Nella lettera erano indicati solo un indirizzo Internet e il nome di Mika Korhonen. Adesso ci sarebbe proprio stato bisogno di un tutore, ma il loro era svanito nel nulla dopo essere riuscito a indirizzare l’attenzione delle autorità sull’assistente sociale Pasi. Irma provò a ravvivare l’atmosfera raccontando del suo pecorso di dimissione. Aveva ricevuto dal suo team multidisciplinare, tutto al femminile, l’invito per una consultazione che avrebbe avuto luogo anche se nessuno dei parenti si fosse presentato. Infermiere e fisioterapiste l’avevano allenata assiduamente per quella grande prova che riteneva sarebbe stata in grado di superare facilmente.
«Il mio ego si è gonfiato a tal punto che mi fischia la testa. Riconosco le dita dei piedi, quelle delle mani e anche le reni, senza che la tirocinante mi debba toccare. E chi avrebbe mai immaginato che la mia ergoterapeuta avesse qui in ospedale una piccola casetta per giocare?»

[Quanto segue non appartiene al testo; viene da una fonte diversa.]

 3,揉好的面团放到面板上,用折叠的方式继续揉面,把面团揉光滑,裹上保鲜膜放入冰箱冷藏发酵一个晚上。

Per poter essere dimessa, avrebbe dovuto preparare la colazione in una cucina adibita alle prove. Una vera sfida per una casalinga mamma di sei figli. Avevano progettato di sorprendere l’ergoterapeuta preparando uova in camicia e soufflé al formaggio.
«E poi magari farai la doccia sotto gli occhi della commissione! Chissà se l’esaminatore è maschio?» chiese Anna-Liisa esuberante.